This design empowers you to choose between the zero-configuration JavaScript Engine and the highly scalable, accelerated Rust Engine depending on your repository size, host platform, and performance requirements.
Available Engines
| Engine | Identifier | Default | Target Use Case | Key Strength |
|---|---|---|---|---|
| JavaScript Engine | "js" |
✅ Yes | Standard documentation websites, rapid local prototyping, maximum portability. | Runs universally on any device supporting Node.js with zero native binary setup. |
| Rust Engine (Preview) | "rust" |
❌ No | Massive repositories (1,000+ files), highly intensive Git metadata harvesting, enterprise CI/CD builds. | Maximises parallel file I/O and asynchronous OS process orchestration via Tokio. |
Configuration Options
Configuring your chosen build engine is exceptionally straightforward. You define the engine parameter directly within your docmd.config.json file.
{
"title": "Enterprise Reference",
"engine": "js",
"src": "docs",
"out": "site"
}
Complete Options Reference
| Key | Supported Values | Default | Description |
|---|---|---|---|
engine |
"js", "rust" |
"js" |
Determines which underlying execution layer processes internal file discovery, Git log extraction, and high-throughput batch reads. |
High-Level Capabilities & Limitations
Both engines share a rigorous execution boundary enforced by docmd’s core API layer, ensuring uniform security and deterministic output regardless of your choice.
Shared Capabilities
- Thread Isolation: Both engines execute asynchronous tasks securely inside isolated worker threads, preventing heavy tasks from blocking the primary server event loop.
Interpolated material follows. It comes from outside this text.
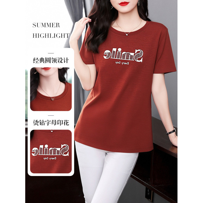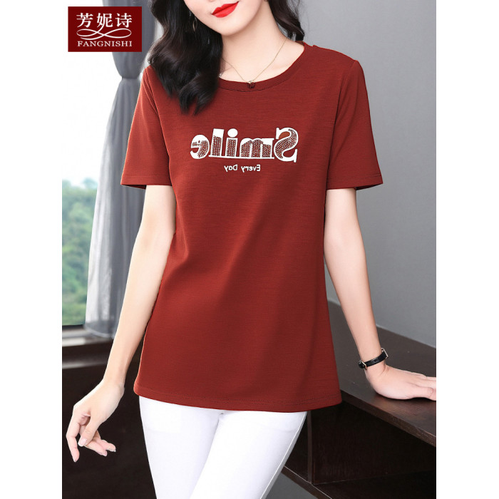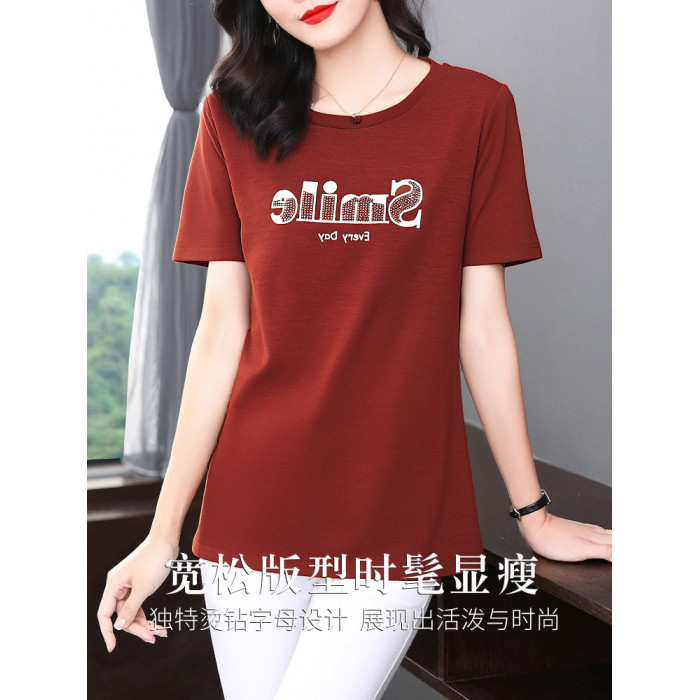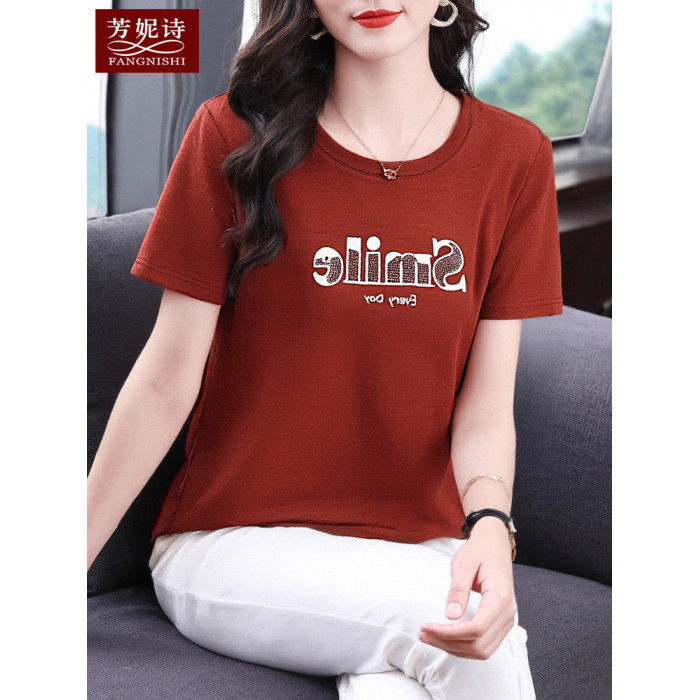 中長款短袖女士t恤2025年夏季新款純棉半袖女裝大碼寬松上衣減齡

- Task Verification: Strict allowlists prevent unauthorised disk access or unverified execution patterns.
- Seamless Interoperability: Plugins request data via standardised interfaces (
runWorkerTask), unaware of which backend satisfies the demand.
Architectural Limitations
- Serialisation Overhead: Because data crosses native runtime boundaries (N-API) when communicating with external layers, highly iterative tasks passing extremely large JSON objects incur a round-trip serialisation penalty. For standard builds, this cost is vastly overshadowed by asynchronous speedups.
- Binary Compatibility: While the JavaScript engine runs natively on any architecture, the Rust engine relies on pre-built, OS-specific platform binaries distributed via npm packages.
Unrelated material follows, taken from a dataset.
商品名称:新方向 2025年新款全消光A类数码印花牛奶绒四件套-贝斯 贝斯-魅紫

How the Engine Loader Works
When docmd boots, the internal engine loader inspects your active configuration:
- Resolution: If configured to use
"rust", docmd attempts to lazy-load the appropriate architecture-specific native package (e.g.,@docmd/engine-rust-darwin-arm64). - Graceful Fallback: Should the platform binary be missing, unsupported, or fail to initialise due to strict environment constraints, docmd logs an informative advisory notice and transparently falls back to the high-performance JavaScript engine. Your build is guaranteed to succeed uninterrupted.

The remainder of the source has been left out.